#### Exercise details:
Report every line of the data where the string "future" appears.

#### Excerpted data:
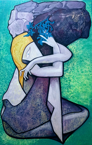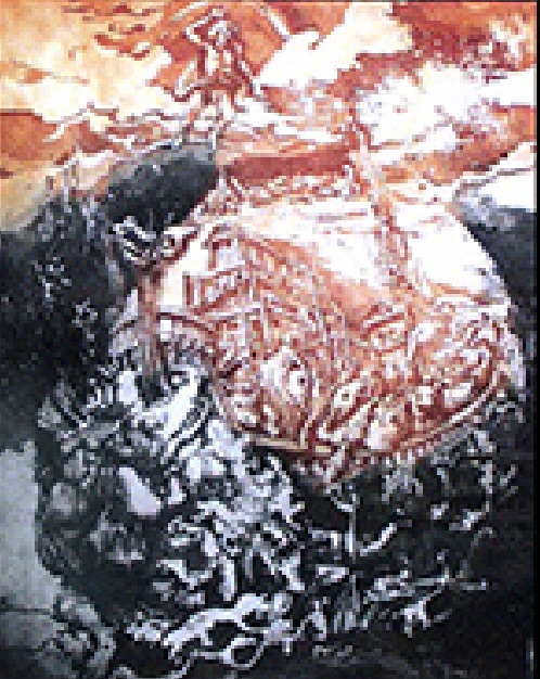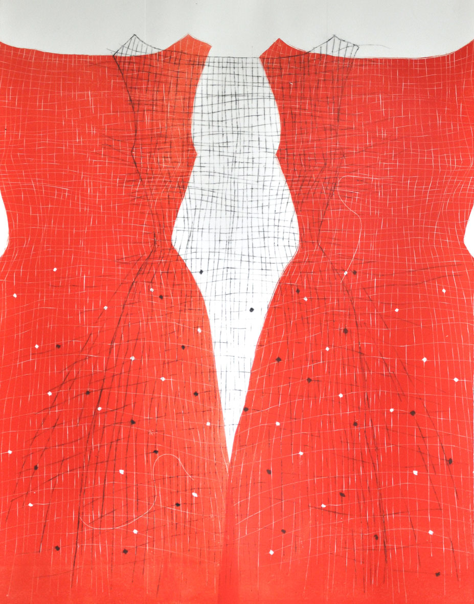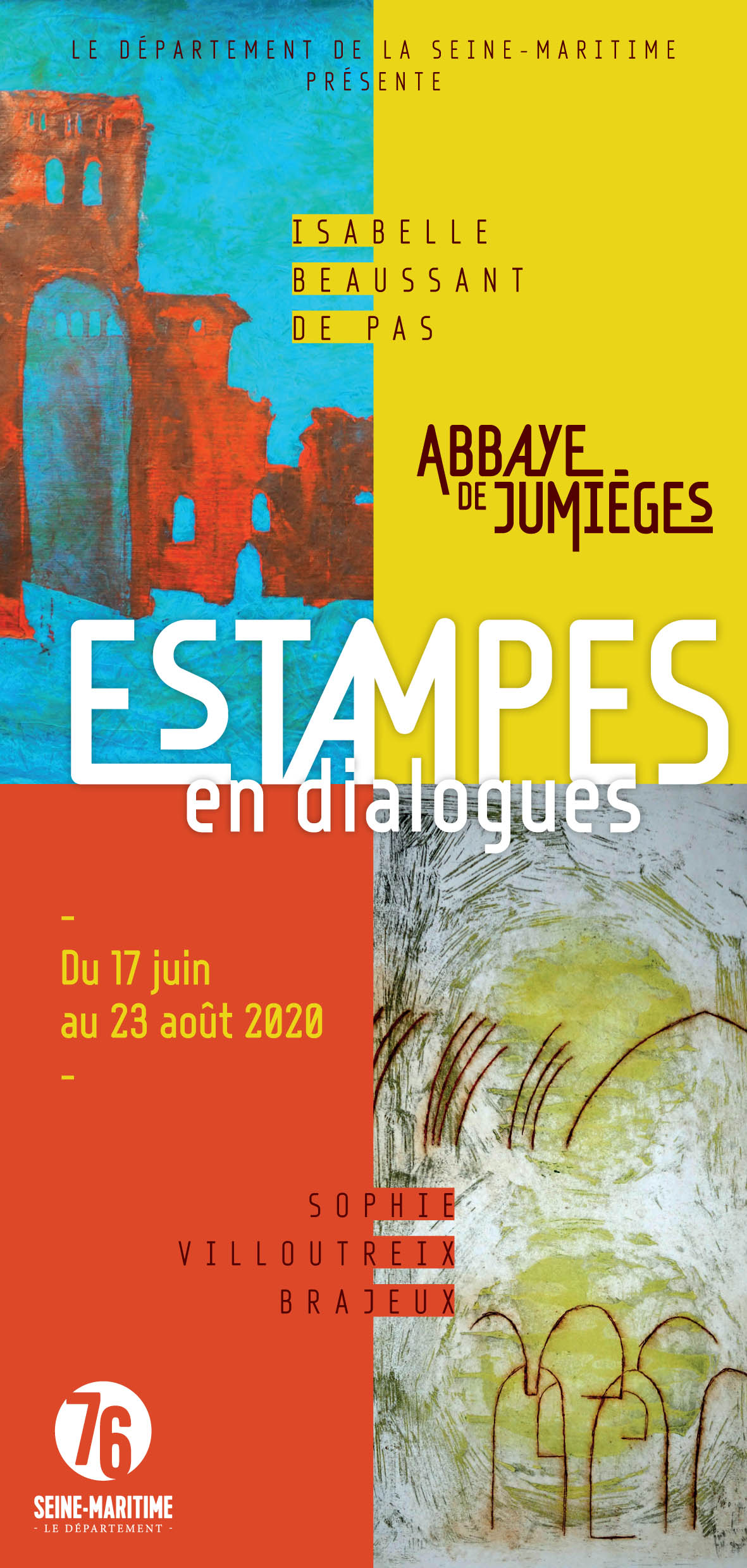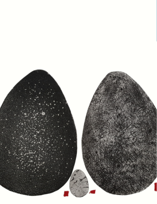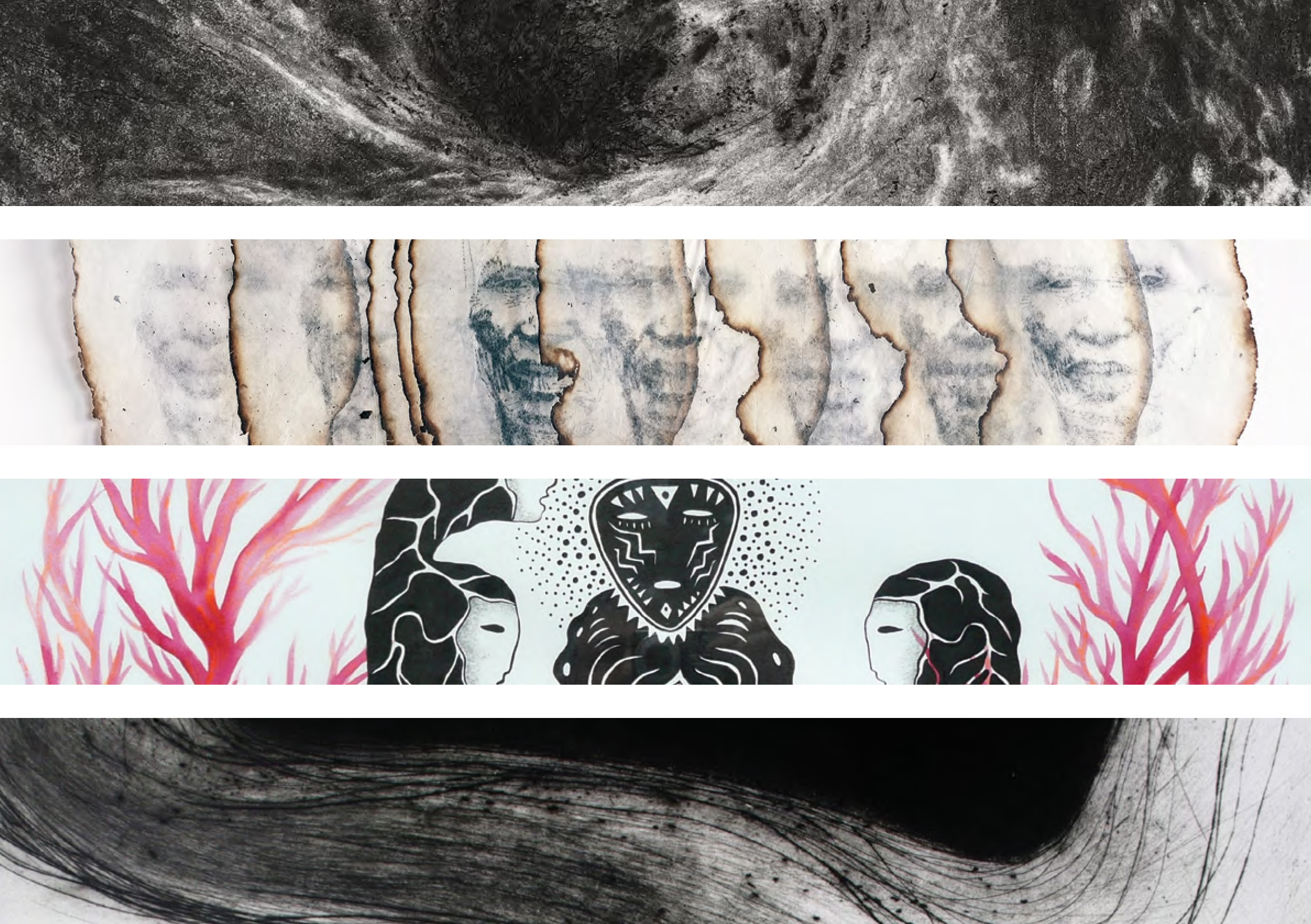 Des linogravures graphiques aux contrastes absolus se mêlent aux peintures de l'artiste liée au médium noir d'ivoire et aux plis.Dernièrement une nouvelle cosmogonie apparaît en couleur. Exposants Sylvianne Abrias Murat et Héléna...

---

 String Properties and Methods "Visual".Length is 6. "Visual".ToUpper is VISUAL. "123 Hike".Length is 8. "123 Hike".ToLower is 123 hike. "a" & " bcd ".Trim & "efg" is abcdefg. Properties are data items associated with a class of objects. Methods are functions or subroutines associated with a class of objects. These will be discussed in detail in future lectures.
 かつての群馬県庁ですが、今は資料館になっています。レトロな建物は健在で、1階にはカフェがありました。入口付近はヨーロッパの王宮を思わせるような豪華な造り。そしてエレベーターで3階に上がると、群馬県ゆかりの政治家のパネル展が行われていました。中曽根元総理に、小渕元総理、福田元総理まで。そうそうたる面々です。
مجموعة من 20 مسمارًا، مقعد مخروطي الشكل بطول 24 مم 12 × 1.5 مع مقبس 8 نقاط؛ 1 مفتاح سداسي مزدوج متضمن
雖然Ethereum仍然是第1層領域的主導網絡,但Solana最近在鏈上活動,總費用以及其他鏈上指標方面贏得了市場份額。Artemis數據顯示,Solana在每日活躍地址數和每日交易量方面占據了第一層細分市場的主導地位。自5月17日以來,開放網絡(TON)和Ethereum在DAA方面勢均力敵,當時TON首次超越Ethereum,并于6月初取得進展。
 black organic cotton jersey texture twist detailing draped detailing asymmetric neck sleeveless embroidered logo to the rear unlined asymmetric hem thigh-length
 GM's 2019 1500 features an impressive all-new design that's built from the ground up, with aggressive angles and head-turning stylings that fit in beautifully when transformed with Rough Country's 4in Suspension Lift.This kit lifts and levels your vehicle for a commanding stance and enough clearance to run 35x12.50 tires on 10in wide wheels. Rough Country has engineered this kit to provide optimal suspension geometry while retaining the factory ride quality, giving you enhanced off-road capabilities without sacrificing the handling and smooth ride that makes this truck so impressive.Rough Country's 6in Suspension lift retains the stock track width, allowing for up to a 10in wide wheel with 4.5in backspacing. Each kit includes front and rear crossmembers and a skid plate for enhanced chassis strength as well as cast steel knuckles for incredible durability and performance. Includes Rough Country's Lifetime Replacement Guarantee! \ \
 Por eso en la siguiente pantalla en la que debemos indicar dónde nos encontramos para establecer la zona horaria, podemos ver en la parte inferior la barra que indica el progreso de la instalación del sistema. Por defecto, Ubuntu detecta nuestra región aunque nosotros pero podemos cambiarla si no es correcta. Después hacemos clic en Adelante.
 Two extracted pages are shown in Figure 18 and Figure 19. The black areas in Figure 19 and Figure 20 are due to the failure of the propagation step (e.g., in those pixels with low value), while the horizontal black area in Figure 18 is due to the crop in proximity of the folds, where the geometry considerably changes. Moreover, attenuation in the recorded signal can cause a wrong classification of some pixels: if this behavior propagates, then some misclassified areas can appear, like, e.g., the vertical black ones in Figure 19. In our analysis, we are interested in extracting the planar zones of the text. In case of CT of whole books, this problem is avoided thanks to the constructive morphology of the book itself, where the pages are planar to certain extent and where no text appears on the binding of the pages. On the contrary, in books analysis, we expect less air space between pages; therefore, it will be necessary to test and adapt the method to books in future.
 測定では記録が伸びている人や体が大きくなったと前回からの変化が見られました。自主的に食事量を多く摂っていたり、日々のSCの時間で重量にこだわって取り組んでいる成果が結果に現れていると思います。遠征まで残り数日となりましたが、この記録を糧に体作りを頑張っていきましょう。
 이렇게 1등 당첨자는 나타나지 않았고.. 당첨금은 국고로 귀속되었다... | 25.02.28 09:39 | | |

---

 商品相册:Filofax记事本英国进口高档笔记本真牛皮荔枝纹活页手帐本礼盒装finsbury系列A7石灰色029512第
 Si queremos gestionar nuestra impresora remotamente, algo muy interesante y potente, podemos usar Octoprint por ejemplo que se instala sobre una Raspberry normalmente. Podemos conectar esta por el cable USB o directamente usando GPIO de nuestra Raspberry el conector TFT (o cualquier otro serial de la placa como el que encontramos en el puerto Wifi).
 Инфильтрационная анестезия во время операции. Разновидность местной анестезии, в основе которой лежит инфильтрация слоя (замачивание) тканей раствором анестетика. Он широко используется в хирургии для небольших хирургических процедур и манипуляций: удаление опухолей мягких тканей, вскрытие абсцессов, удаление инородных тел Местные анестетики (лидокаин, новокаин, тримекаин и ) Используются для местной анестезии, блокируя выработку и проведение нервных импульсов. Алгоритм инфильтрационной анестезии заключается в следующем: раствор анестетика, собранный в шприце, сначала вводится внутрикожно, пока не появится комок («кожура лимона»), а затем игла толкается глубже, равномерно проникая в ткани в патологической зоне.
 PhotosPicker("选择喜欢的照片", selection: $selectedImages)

#### Answer to this exercise:
 String Properties and Methods "Visual".Length is 6. "Visual".ToUpper is VISUAL. "123 Hike".Length is 8. "123 Hike".ToLower is 123 hike. "a" & " bcd ".Trim & "efg" is abcdefg. Properties are data items associated with a class of objects. Methods are functions or subroutines associated with a class of objects. These will be discussed in detail in future lectures.
 Two extracted pages are shown in Figure 18 and Figure 19. The black areas in Figure 19 and Figure 20 are due to the failure of the propagation step (e.g., in those pixels with low value), while the horizontal black area in Figure 18 is due to the crop in proximity of the folds, where the geometry considerably changes. Moreover, attenuation in the recorded signal can cause a wrong classification of some pixels: if this behavior propagates, then some misclassified areas can appear, like, e.g., the vertical black ones in Figure 19. In our analysis, we are interested in extracting the planar zones of the text. In case of CT of whole books, this problem is avoided thanks to the constructive morphology of the book itself, where the pages are planar to certain extent and where no text appears on the binding of the pages. On the contrary, in books analysis, we expect less air space between pages; therefore, it will be necessary to test and adapt the method to books in future.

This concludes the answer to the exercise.